Flores had argued that in addition to the peer rankings he also considered presidential initiatives, which had included working with faith-based organizations. He also said he made his decision after viewing all 104 grant proposals, although peer reviewers only studied a few each. Flores also said he considered whether the department was currently funding similar projects or whether the applicants got funds through other grants.

Schofield told the OIG that she decided to use invited awards to provide necessary funding for programs that had received earmarks in prior years and that some of the invited awards were given after the DOJ, the White House and Congress asked that certain organizations receive OJJDP grants.

The report reads: “For example, Schofield told us that officials with the Office of the Attorney General requested that OJP support a youth program proposed by the National Football Foundation.”

The public would be more likely to accept the rationale of administrative decisions if the agency simply disclosed the applications of grant winners and their scores, argues Peterson, of Global Youth Justice.

A 2012 Congressional Research Service report also noted that this lack of transparency existed for all federal grants and even noted that some of the factors used in formula grants are not publicly available either.

“Without greater transparency into these processes, it is difficult for Congress to measure the effectiveness of federal grant allocation formulas or to determine whether there has been fair competition in the awarding of federal grants,” the report said.

A Solution

U.S. Rep. James Lankford, (R-Okla.), hopes to change the way grants are currently disclosed. Last fall he introduced the Grant Reform and New Transparency Act of 2013 or GRANT Act, which calls for agencies to post information about each grant opportunity, a copy of a successful grant abstract or application, award decisions including rankings and the name or a unique identifier of peer reviewers, and a final performance report at the end of the grant.

The bill would protect national security and some proprietary information by not requiring agencies to post information that would otherwise be exempt under the Freedom of Information Act, Lankford’s office says.

Under the proposal, agencies will also be required to screen potential grantees to ensure they’re capable of performing the grant. The bill also offers those that lost out on grants valued at more than $100,000 the chance to request a debriefing with the agency, which the agency must provide.

The bill doesn’t address invited awards, which are still very much a part of the OJJDP grant process. In 2013 alone, the agency awarded about $106 million through invited grants, according to a recent JJIE report. Lankford said he wasn’t aware of invited awards, but said it didn’t sound fair.

“This is a competitive merit-based process and we want that criteria to be clearly known in advance,” Lankford says. “The bill provides everyone with the opportunity to know how their federal tax dollars are being used.”

The aim is to help groups that are doing well but can’t seem to break into and be successful at the grant process to learn why they failed and how they can do better next time, Lankford says.
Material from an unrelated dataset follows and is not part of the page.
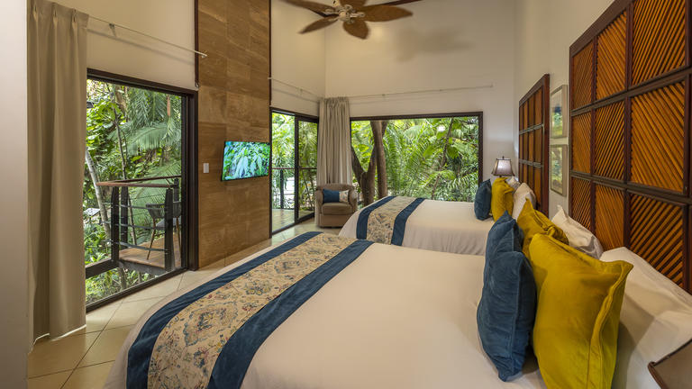 Standard RoomsCredit: Arenal Observatory Lodge & TrailsOur standard rooms are designed to provide you with comfort, relaxation, and a sense of connection with the awe-inspiring beauty of the Arenal Volcano. Each room features two comfortable queen beds, ensuring a restful night's sleep for you and your fellow travelers. The rooms are thoughtfully designed with your comfort in mind, featuring modern amenities and tasteful decor that reflects the natural beauty of the surrounding rainforest. The ambiance is warm and inviting, creating a serene sanctuary where you can unwind and rejuvenate after a day of exploring the wonders of the area. One of the highlights of our standard rooms is the partial view of the majestic Arenal Volcano from the deck or garden. Imagine waking up to the sight of the towering volcano shrouded in mist, or enjoying a tranquil evening watching the sunset behind the peaks of the volcano. It's a breathtaking experience that connects you with the raw power and magnificence of nature, right from the comfort of your room. The rooms also feature a private deck or garden where you can relax and take in the panoramic views of the surrounding rainforest. It's a perfect spot to sip your morning coffee or unwind with a book, while immersing yourself in the serene beauty of the lush vegetation, listening to the sounds of nature, and taking in the fresh tropical air.

And it will also shed light on the very small group of well-connected people that get grants all the time, he adds.

The bill was amended and approved by the House Oversight Committee to add some protections for peer reviewers and intellectual property issues, Lankford says. The congressman introduced a similar bill in the last legislative session but it never got to a House vote. At that time, it faced opposition from academic groups concerned that it could jeopardize intellectual property rights and reveal proprietary information. They also objected to revealing names or unique identifiers of peer reviewers as many research areas have a small pool of potential reviewers that can be easily identified.

So far, his bill is still very much alive, Lankford says, adding that he’s gotten bipartisan support for it and it’s awaiting a House vote.

“This is not only a Republican issue, Democrats are very open to transparency,” he says.